The underlying geological strata for the greater part of the WWF is the “Lissie Formation,” a mid-Pleistocene (1.2 million years old) layer of sand, silt, and clay deposited on a coastline, not unlike our present day. The elevation of the plain at 40 ft. suggests that sea level was near that level during the deposition of these Lissie strata.
The Aransas River courses as the northern boundary of the Foundation and as the county line between San Patricio and Refugio. It is a mature stream entrenched approximately 20-30 ft. and it has well-developed terraces that step down into the present river channel. Along the river valley, there are abandoned segments of ancient channels that are filled with water called “oxbow” lakes. In other places the old riverbed is dry. Some oxbows have been mined for gravel and sand deposits creating larger man-made features such as “Big Lake” and swampy areas attractive to wildlife. The Aransas River and Chiltipin Creek coalesce at a single bayhead delta as they flow into Copano Bay.
Over the last million years, the Texas coast has experienced multiple repetitive and extreme rises and falls of sea level as the Earth has generally cycled cooler. The extreme and rapid cyclicity of sea-level change is indicated in the entrenchment of the Aransas River with numerous terraces and abandoned channels. The present-day river is slow-moving because the modern Holocene rise in sea level has resulted in a very low steam gradient near the coast. Under normal conditions, the river transports only fine-grained muds and silts. During high stages, the short Aransas River can flood extensively and flow violently in its narrow valley – but it clears quickly into the large Copano Bay.
Five Things to Notice
- At the main house, notice that you are standing on generally flat land. This riparian upland is the Lissie Formation at your feet. The Lissie Formation and younger Beaumont Formation form the typical thicketed mesquite and grass prairie of the coastal plain. The oaks and hardwoods to the north increase towards the lowlands of the Mission River.

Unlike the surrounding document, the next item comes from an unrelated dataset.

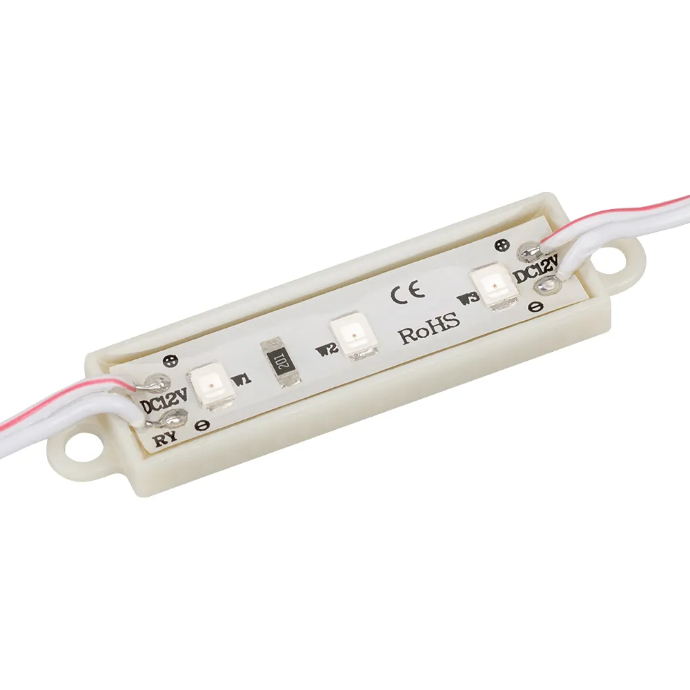 Модуль IP65, копус PVC, 3 светодиода smd 2835. Цвет Желтый, угол 120°. На проводе 20шт, между модулями --мм. Питание 12В, мощность 0.3W. Габариты LxHxW: 36х12х4 мм.
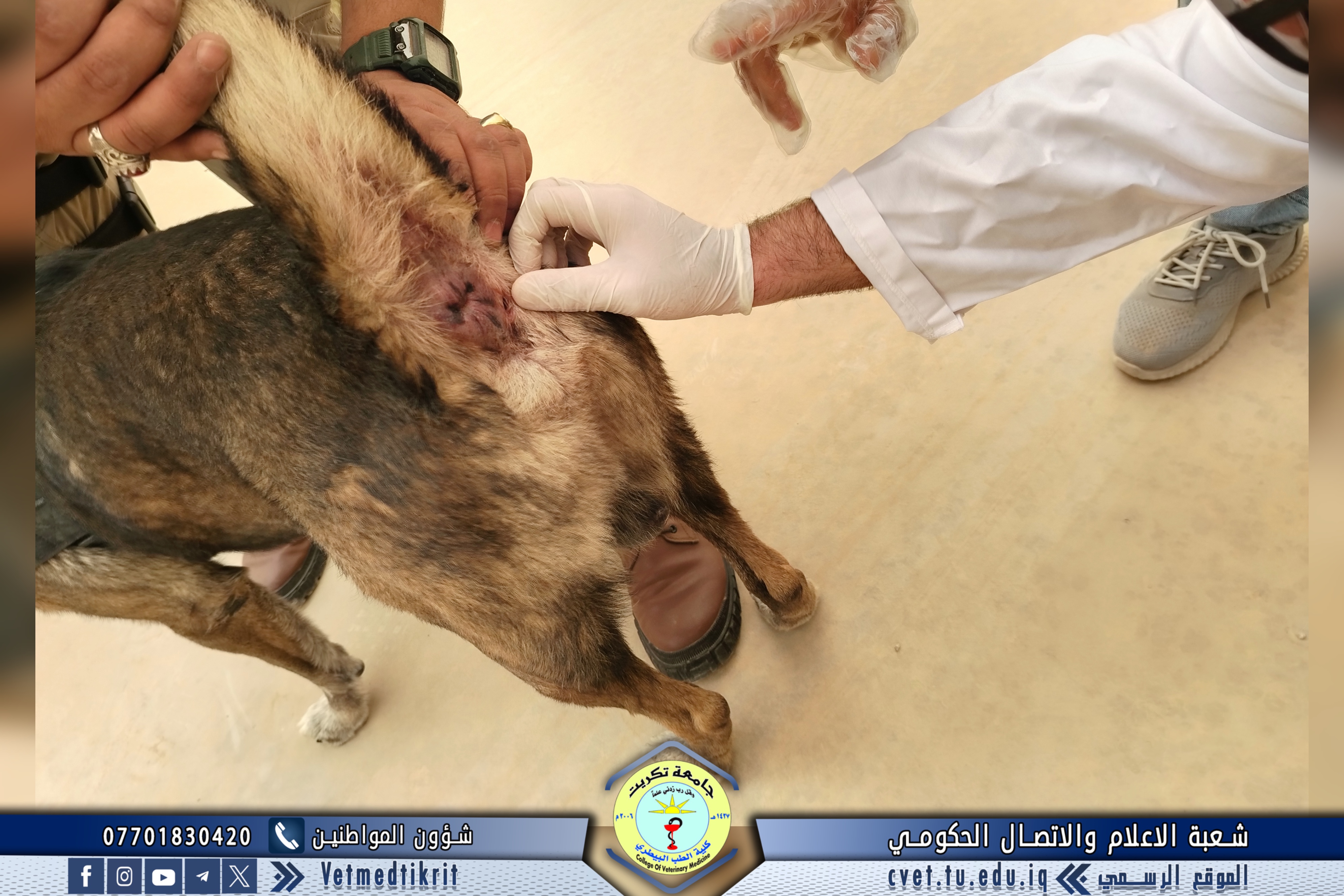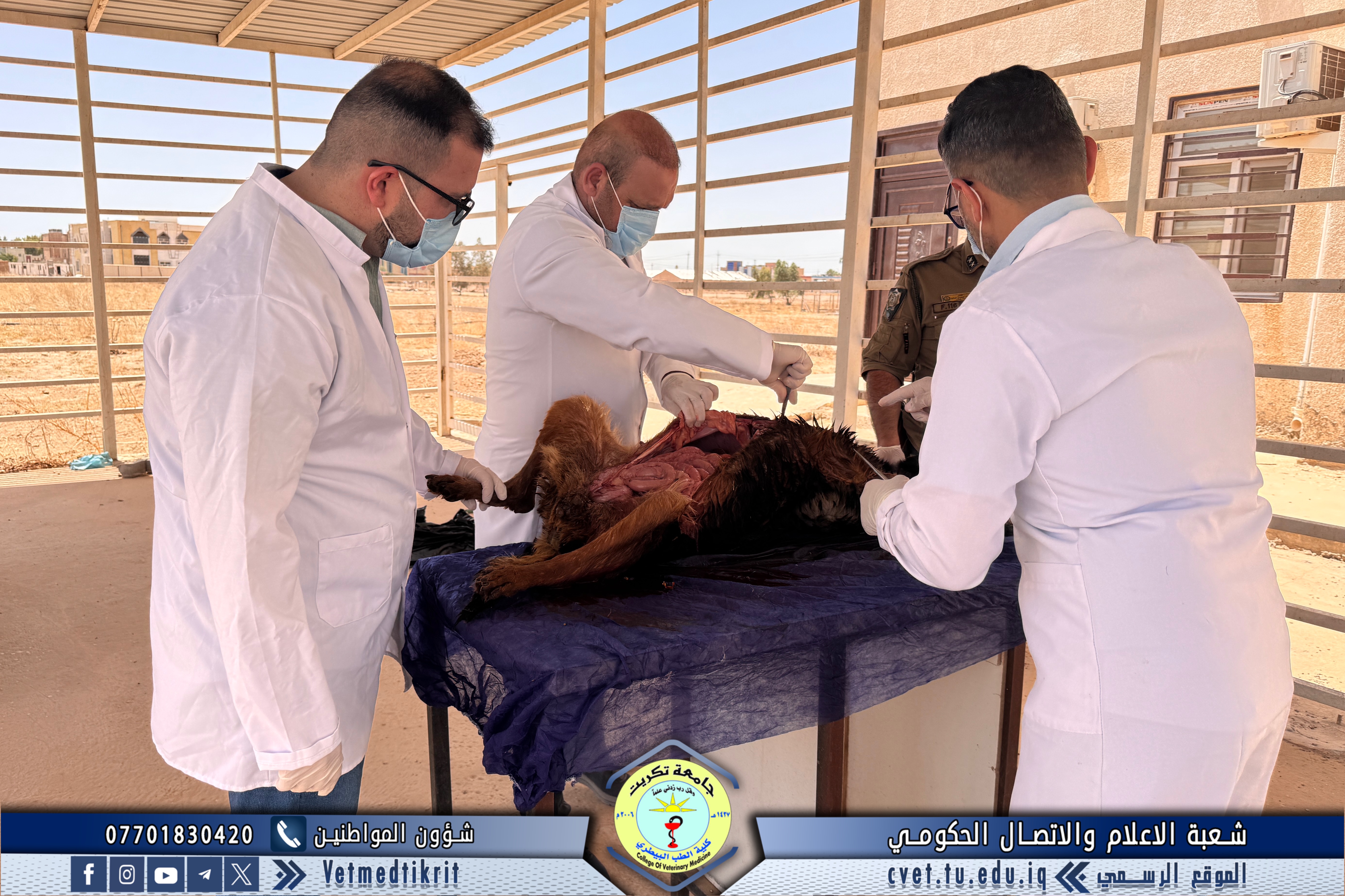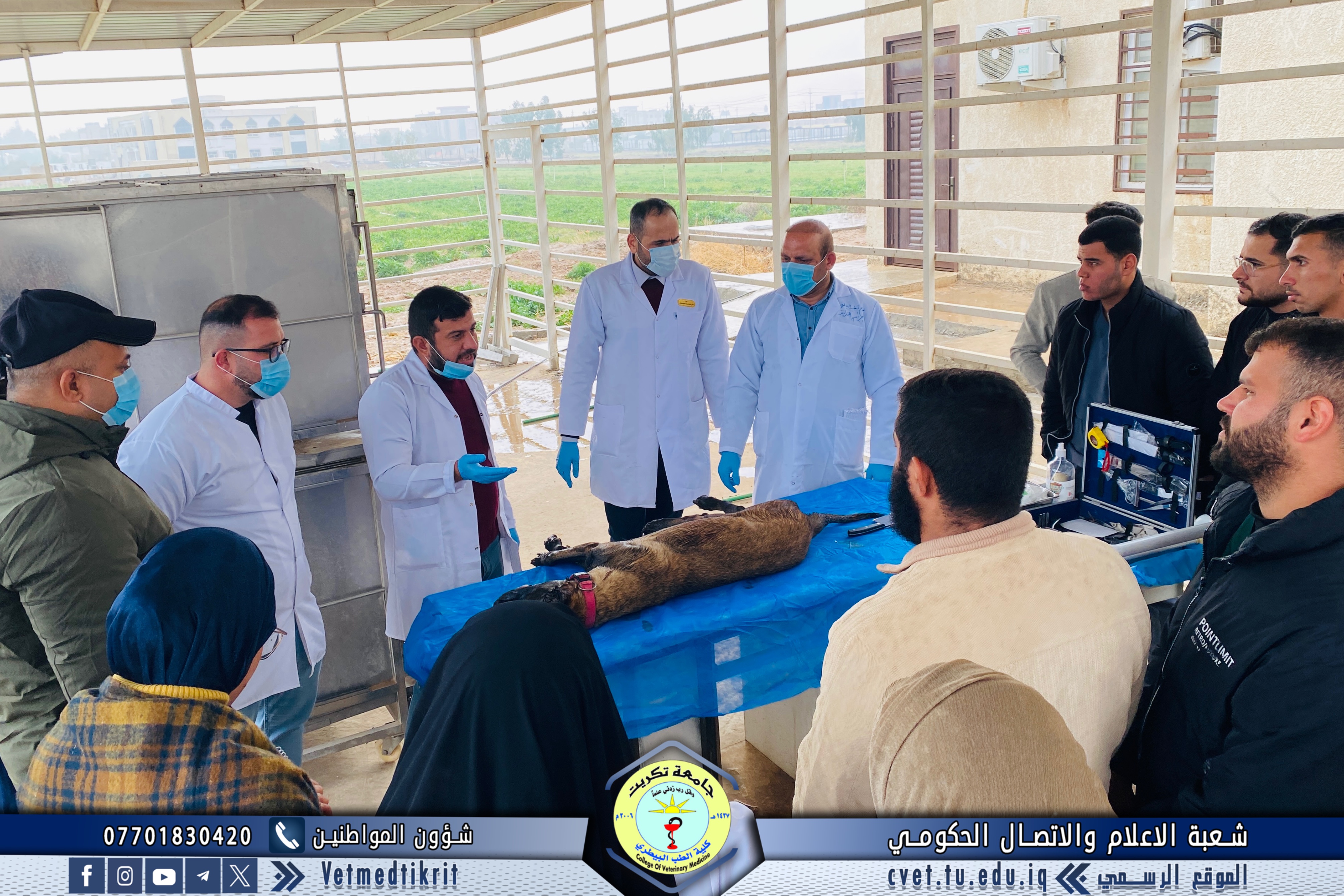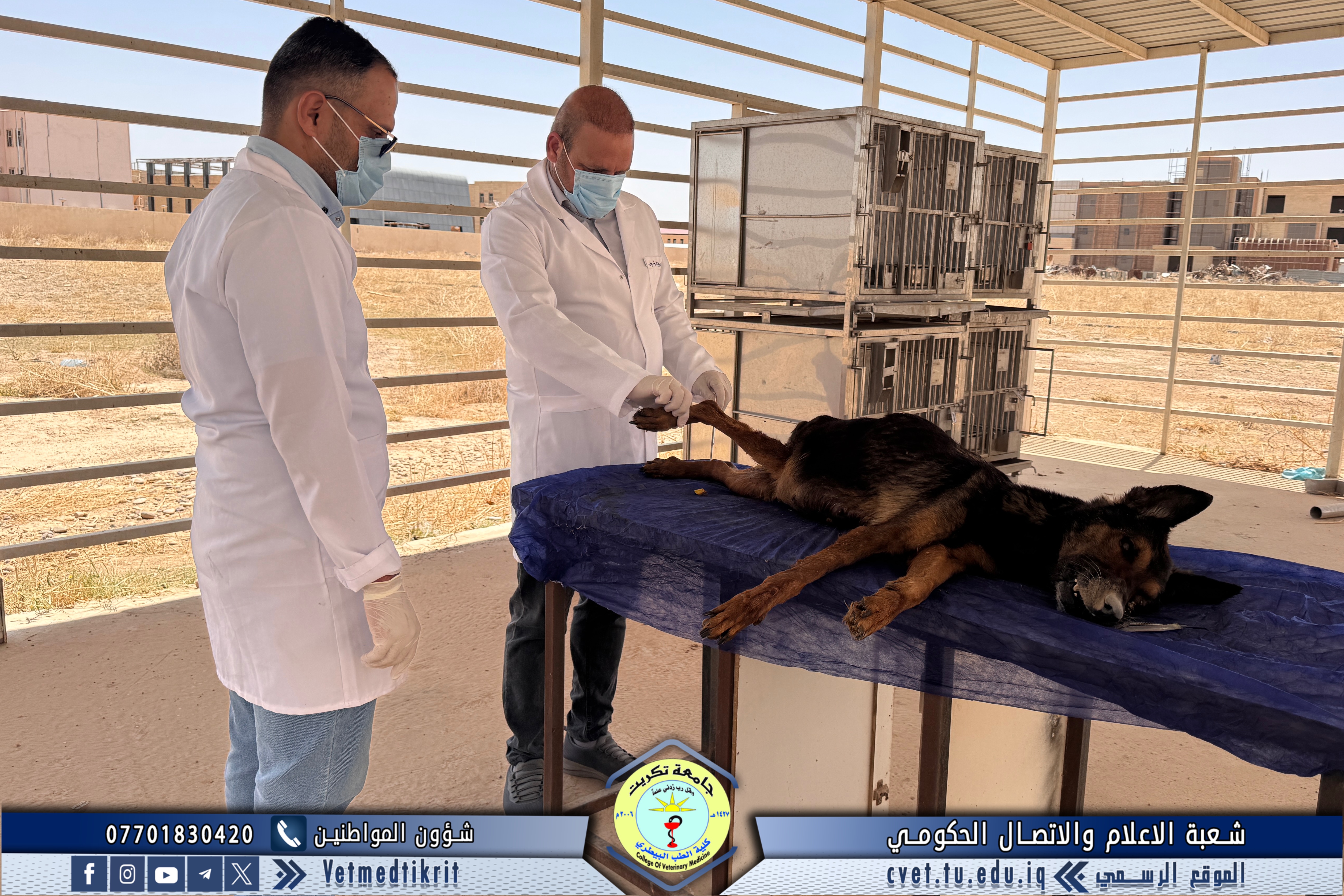 The External Clinic Unit at the College of Veterinary Medicine, University of Tikrit, received a veterinary case from the Salahuddin Governorate Police Command involving a deceased dog from the K-9 Police Dog Management and Training Unit.

- On the drive to the Aransas river, notice stepping down elevation towards the river valley lowland. The vegetation changes from grassland prairie to lowland hardwood.
- On the riparian walk to the river, notice the slope changes and tiers of vegetation affected by stages and intensity of flood. At the river, the bank is steep (and often slippery). You will walk across abandoned channels, sand bars, and dry oxbows on the loop back to the vehicles.
- This extremely productive and protected landscape was most certainly attractive to Native Americans. Consider the possible resources available in this area and the easily navigable proximity to the bounty of Copano Bay. Why might there be so many clam shells scattered in the soil on the terraces of the Aransas River?
- On the loop drive, note how steep the bank is on the tributary south of the main house. On this trip, you will observe the oxbow lake features and mining operations of the prior owners. Note how nature recovers the landscape.